John T. Kirkland (1770-1840) was born in Oneida County, New York, to a missionary among the Native Americans. His parents placed him in Phillips Academy in 1784, when he was thirteen years old. Kirkland graduated from Harvard College in 1789 with high honors and became a tutor of logic and metaphysics at his alma mater in 1792. While teaching in Cambridge, Kirkland also delivered sermons at Boston’s New South Church; he would serve as that church’s pastor from 1794 to 1810. He served as president of Harvard University from 1810 to 1828. Under his leadership, Harvard became national in scope, attracting students from the South and West as well as New England and New York. The university expanded rapidly with new professors, new buildings, and the founding of the Law School (1817) and Divinity School (1819). Kirkland established new areas of instruction in chemistry, mineralogy, anatomy, physiology, and elocution. Faced with riots over who was to give the commencement address in 1823, Kirkland expelled half the senior class just prior to graduation. Public backlash to the disorder led to the removal of the state subsidy of $10,000 in 1824 and an investigation of the University’s finances. The investigation found Harvard a fiscal fiasco, and economies including pay cuts for professors followed. When criticized by the corporation in 1828, Kirkland resigned and traveled extensively in Europe and the Middle East until 1832.
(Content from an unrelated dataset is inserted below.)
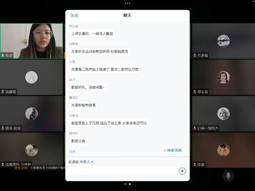 会议前期,辅导员通过学习委员征集班内同学关于改进线上教学质量的建议,全面掌握目前的学习困难。张明明在会上介绍了目前济南的疫情形势,强调了在遵守防疫要求的前提下,协助任课教师落实好课堂考勤、请假等常规事务,同学们集中反应了在线上上课期间的问题,并就如何解决交流了经验和建议。
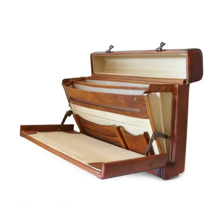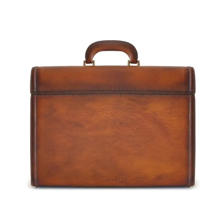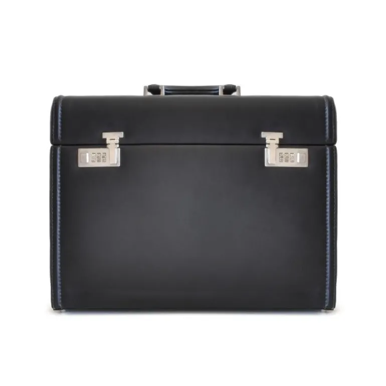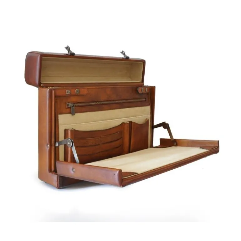 Materiał Skóra cielęca. Szerokość 42 cm. Wysokość 32 cm. Głębokość 9 cm. Uchwyt Metal pokryty skórą. Części metalowe Mosiądz. Zamknięcie 2 zamknięcia numeryczne. Waga kg 2,5

Abiel Abbot (1765-1859) was born in New Hampshire and graduated from Harvard College in 1787. He served as an assistant and later principal at Phillips Andover Academy from 1787 to 1789. Licensed to preach in 1790, Abbot served as a missionary in Maine and New Hampshire, including time in Penobscot and Castine, Maine in 1793. He served as a tutor at Harvard College in 1794-1795, and served as pastor in Coventry, Connecticut, from 1795 to 1811, when he was dismissed for heresy. From 1812 to 1819, he was the principal of an academy in Byfield, Massachusetts and later a teacher. From 1827 to 1848, he was pastor of the Congregational Church at Peterborough, New Hampshire. There in 1833, he was instrumental in the founding of the first free public library in the world supported by taxation. He received a Doctor of Divinity degree from Harvard in 1838. [Abbot is often confused with Abiel Abbot (1770-1828), who graduated from Harvard University in 1792, taught at Phillips Exeter Academy in 1793, and pastored churches in Haverhill, Massachusetts (1794-1803) and Beverly, Massachusetts (1803-1828).]

Condition

Very good condition overall; several tears and splits professionally mended.


[1] Childbirth.

[2] Verbi Dei Minister, or Minister of the Divine Word.